* [Problem to solve] Please give back exactly the line with "Weiyinxing Backpacks Girl" and each line after it through the end of the material, leaving out the pictures.

* [Dataset extract]
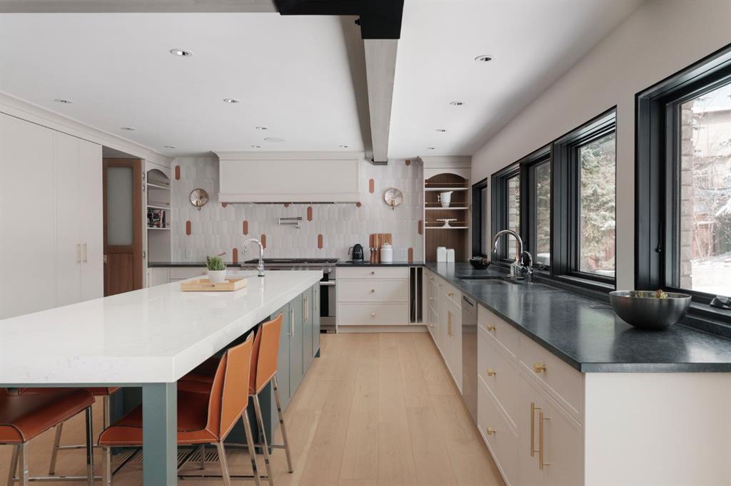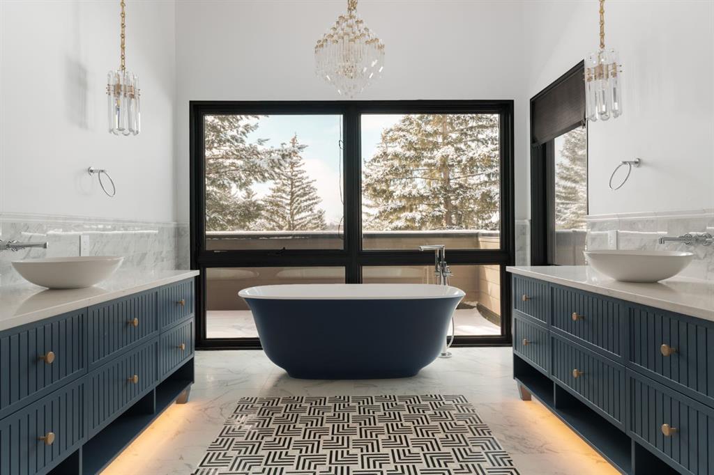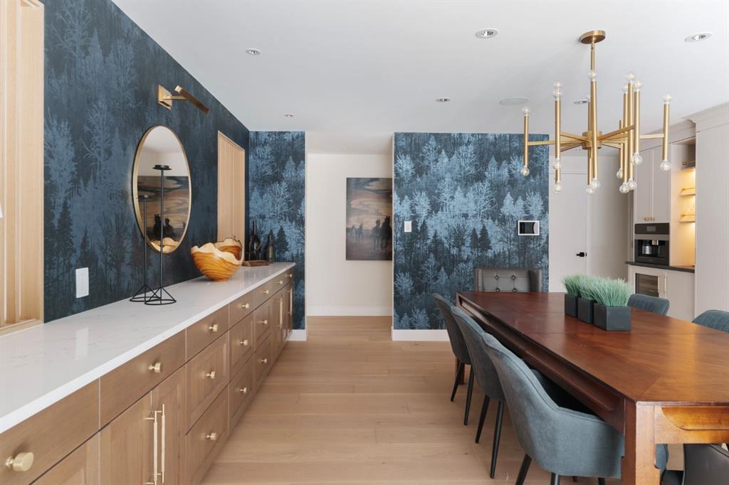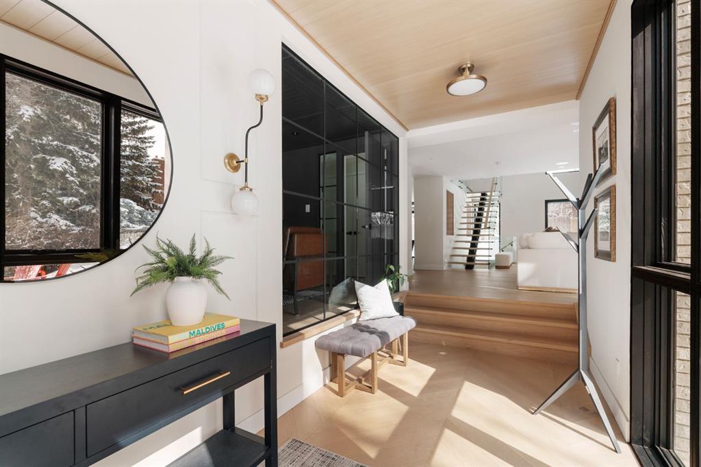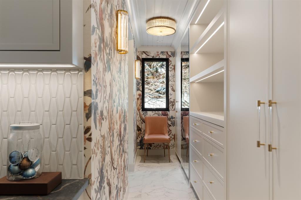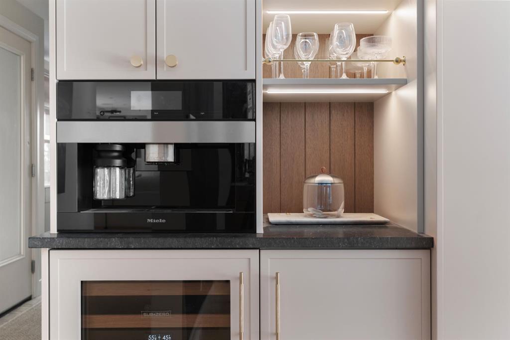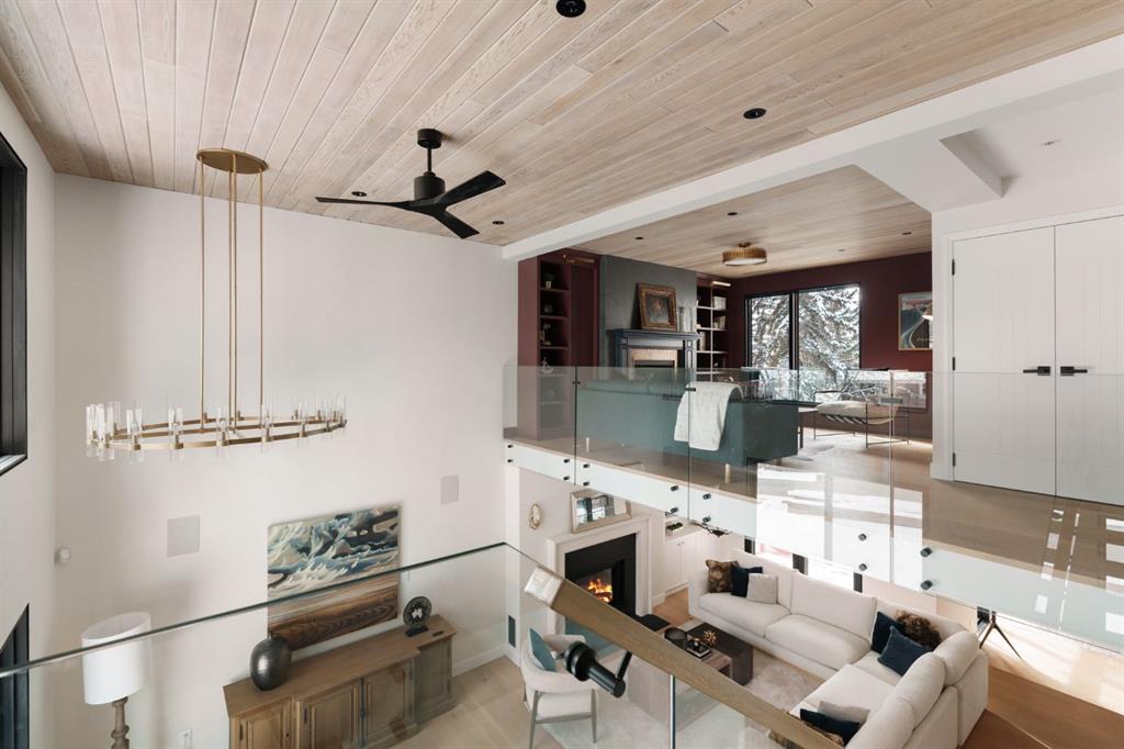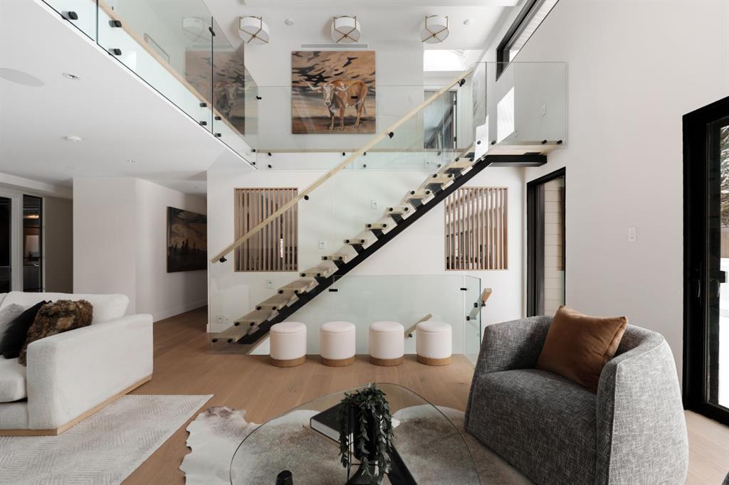 A rare offering in the heart of Pump Hill, this completely reimagined residence blends timeless design with modern luxury on an expansive 0.27-acre lot, tucked away on a private cul-de-sac along a quiet, tree-lined street. Taken down to the studs and meticulously rebuilt, this home offers over 5,000 sq.ft. of refined living space, showcasing a sophisticated West Coast aesthetic with an emphasis on light, flow, and exceptional craftsmanship. The main level is both elegant and highly functional, featuring wide-plank hardwood flooring, curated designer lighting, custom millwork, and thoughtfully selected wall treatments throughout. A stunning living room anchored by a gas fireplace flows seamlessly into the chef-inspired kitchen, complete with top-of-the-line appliances, including a built-in Miele coffee system, bespoke cabinetry, and an oversized island designed for gathering. The adjoining dining area overlooks the expansive backyard, creating the perfect backdrop for both everyday living and elevated entertaining. A standout feature of the main floor is the beautifully designed private office, enveloped in rich, moody tones and custom detailing, an inspiring space that evokes focus, creativity, and quiet sophistication. A well-designed mudroom with a dedicated dog wash station connects effortlessly to the attached heated garage, an ideal blend of luxury and practicality. Upstairs, a dramatic open-to-below family room with a second fireplace offers a warm and inviting retreat. Two generously sized bedrooms each feature their own walk-in closets and beautifully appointed ensuites. The primary suite is a true sanctuary, complete with a private balcony and a spa-inspired ensuite featuring premium finishes and a heated towel warmer. The fully developed lower level is designed for modern living, featuring a professional-grade home gym and a custom-built, sound-insulated room perfectly suited professional-grade Zoom and virtual meetings, offering privacy, clarity, and an elevated at-home experience. A sleek wet bar completes this level, making it ideal for both entertaining and everyday enjoyment. The outdoor space is equally impressive, with landscaping to be completed by the current owners, presenting a rare opportunity to enjoy a fully finished, turnkey property in one of Calgary’s most prestigious communities. An exceptional home where design, comfort, and location converge.
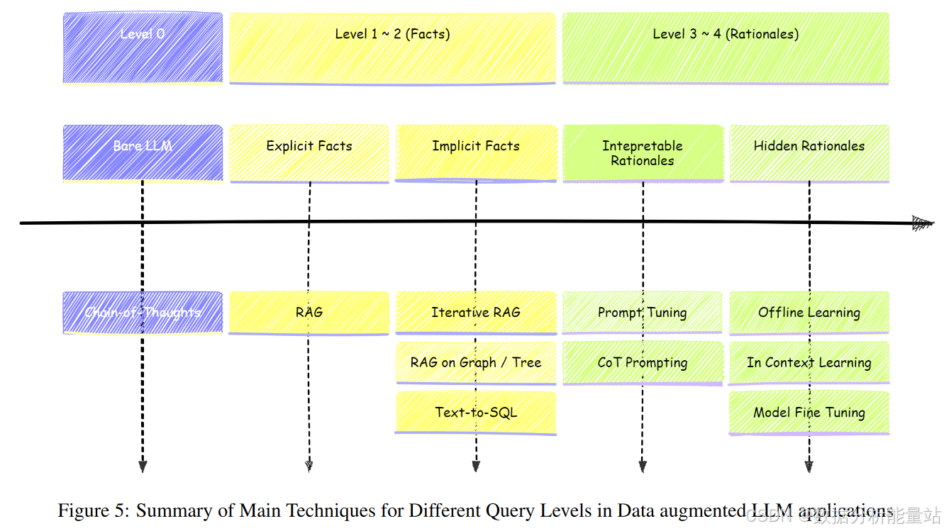 在数据增强的大型语言模型(LLM)应用环境里,之所以要依据查询的复杂程度以及和数据交互的深度来对查询进行分层,是因为这样做能让我们清晰地知晓LLM在面对不同查询时,需要动用何种程度的“思考”能力,也就是认知处理过程,去生成准确又贴合需求的回复。从简单直接获取已知事实,到挖掘深层次、隐含的知识来作答,每一层级的提升都意味着对LLM要求的提高,涉及的任务也变得越发复杂精细。
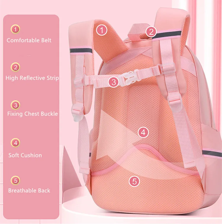 Weiyinxing Backpacks Girl School Bags For Boys Large Capacity Book Bag High Reflective Luminous Elementary Student Backpack Pink
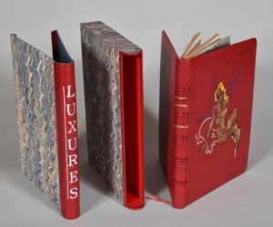DEKOBRA Maurice. LUXURES. PARIS, ÉDITIONS DU LOUP, 1928. Un volume, petit in-4, pleine reliure en peau chagrinée rouge. Dos à 5 nerfs portant le titre doré, décor érotique en couleurs sur le premier plat, en noir sur le second plat. Non rogné, tête dorée, couverture conservée, chemise à rabats dans la même peau chagrinée rouge habillée sur les plats de papier à la cuve, titre à la chinoise en blanc sur le dos, étui bordure peau. Édition originale avec les illustrations en couleurs érotiques de Claude Remusat.

* [Exercise result]
 Weiyinxing Backpacks Girl School Bags For Boys Large Capacity Book Bag High Reflective Luminous Elementary Student Backpack Pink
DEKOBRA Maurice. LUXURES. PARIS, ÉDITIONS DU LOUP, 1928. Un volume, petit in-4, pleine reliure en peau chagrinée rouge. Dos à 5 nerfs portant le titre doré, décor érotique en couleurs sur le premier plat, en noir sur le second plat. Non rogné, tête dorée, couverture conservée, chemise à rabats dans la même peau chagrinée rouge habillée sur les plats de papier à la cuve, titre à la chinoise en blanc sur le dos, étui bordure peau. Édition originale avec les illustrations en couleurs érotiques de Claude Remusat.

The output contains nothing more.